During refinement, development, or collaborative scenario-writing sessions, expected behavior is often defined in detail in advance. Tests are written, scenarios are formalized, and the team aligns around them.

In theory, this sounds excellent.

In practice, it introduces a subtle distortion:

the implementation target shifts from understanding the business domain to passing the agreed test scenarios.

That is a very different goal.

The result is not necessarily a bad system. But it is often a system optimized for compliance rather than understanding.

And the danger is obvious:

how often is the first interpretation of a business need fully correct?

If the test scenarios are based on incomplete understanding, then all the rigor in the world only helps build the wrong thing more reliably.

Verification Is Not Validation

This is the distinction many teams lose.

Testing is very good at verification:

Did the implementation behave as intended?
Does the system still behave as expected?

But verification is not the same as validation:

Was the right thing built?
Is this actually a fitting solution for the domain?

A system can satisfy every agreed scenario and still be fundamentally wrong.

It can behave correctly while being poorly modeled.

It can produce the expected output while being overcomplicated.

It can pass every acceptance test while solving the wrong problem in the wrong way.

In other words:

A passing test suite proves behavioral agreement—not solution fitness.

And that distinction matters far more than many teams admit.

The Ferrari in the Field

A Ferrari F40 can absolutely move across a field.

It can produce motion. It can get from one side to the other. It can, in the most literal sense, “do the job.”

That does not make it a tractor.

The same is true in software.

A system can satisfy all functional expectations and still be the wrong machine for the domain. It can be too expensive to change, too fragile to extend, too over-engineered for the actual need, or too structurally rigid to survive evolving business requirements.

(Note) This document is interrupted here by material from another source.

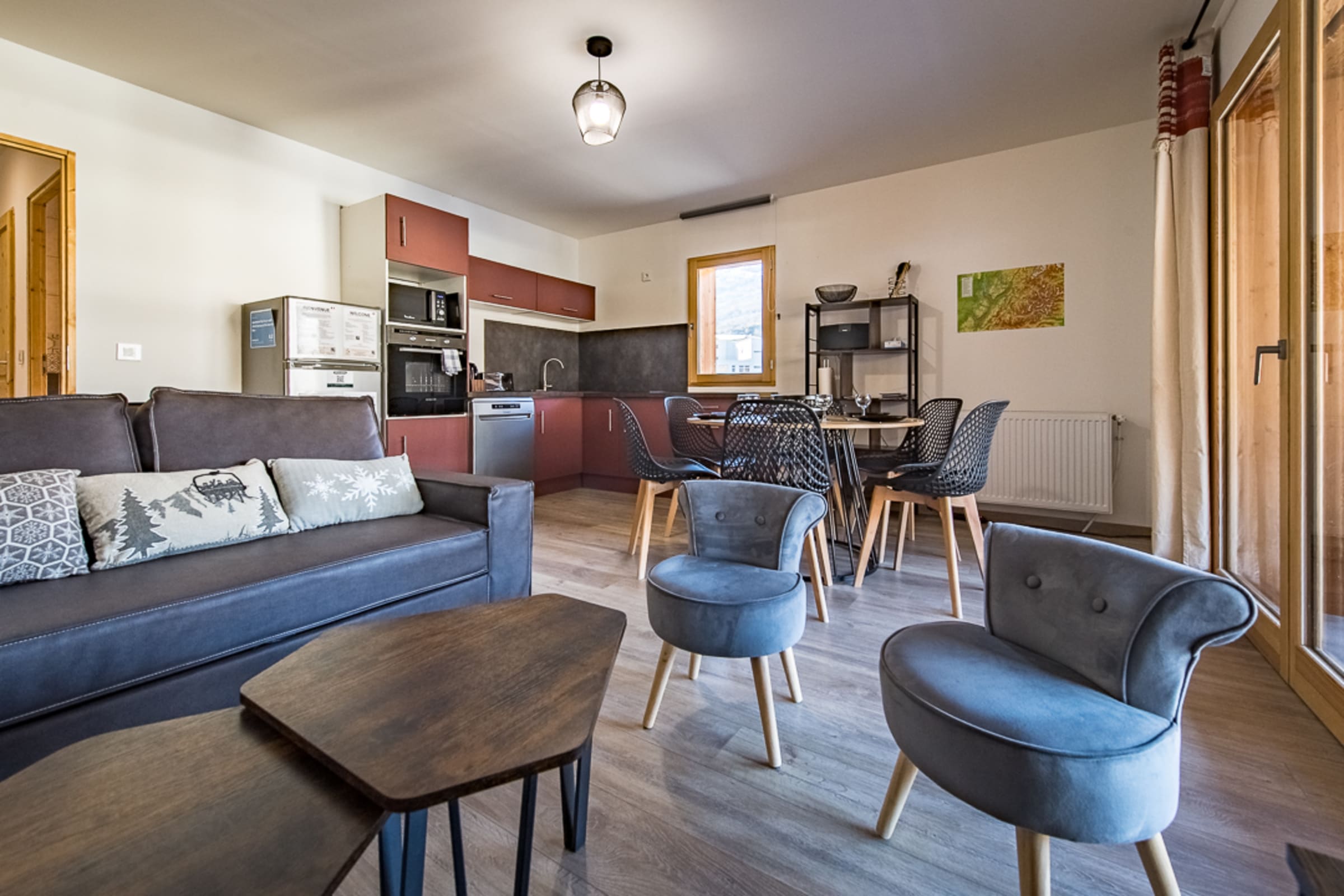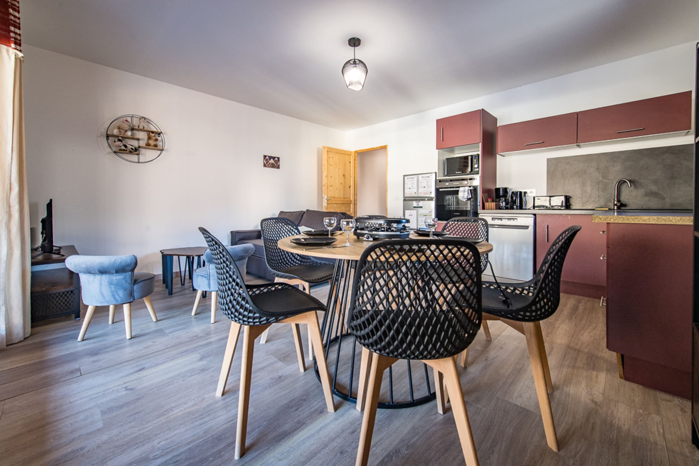 The spacious 25 m² living room is bathed in natural light thanks to the large windows that open onto the private 60 m² terrace. This living room features a double sofa bed, ideal for accommodating additional guests. The open kitchen is fully equipped with an oven, dishwasher, fridge-freezer, as well as appliances like a coffee maker (filter), a toaster and equipment for raclette and fondue. It is designed so you can prepare and enjoy your meals with ease.

Testing does not expose that.

Because testing can tell whether the machine moves.

It cannot tell whether it is the right machine.

And that is not a trivial distinction.

That is the distinction between working software and good engineering.

When Tests Stop Following Behavior and Start Following Structure

This is where testing often becomes actively harmful.

If testing is a behavioral verification discipline, then it should limit itself to verifying behavior.

But many modern testing practices go deeper than that.

They start testing:

local call structures
internal collaborations
class-level decomposition
implementation fragments in isolation

At that point, the tests are no longer verifying the system in any meaningful way.

They are verifying the current shape of the code.

That is not the same thing.

And once that happens, the test suite stops protecting change and starts resisting it.

The moment a test depends on how the behavior is achieved instead of what behavior is observed, it becomes a brake on refactoring.

That is one of the most under-discussed quality problems in software teams.

Because now every structural improvement becomes expensive:

rename a collaborator → tests break
merge responsibilities → tests break
simplify orchestration → tests break
move logic to a better abstraction → tests break

Not because behavior changed.

But because the test suite was never really about behavior to begin with.

Why Isolated Class Testing Often Misses the Point

One of the clearest examples of this problem is isolated class testing.

A class exists in code. Therefore, many teams assume it should be testable independently.

But a technical unit is not automatically a meaningful behavioral unit.

That assumption is rarely challenged.

Take something like a PDF information extractor.

That behavior does not meaningfully exist in a vacuum. It depends on:

parsing logic
normalization logic
extraction rules
object interpretation
domain-level decisions

Yet what often happens?

A single class gets tested in isolation.

Its collaborators are mocked.

Its environment is simulated.

Its context is stripped away.

Now the test no longer asks:

“Can the system reliably extract useful information from PDFs?”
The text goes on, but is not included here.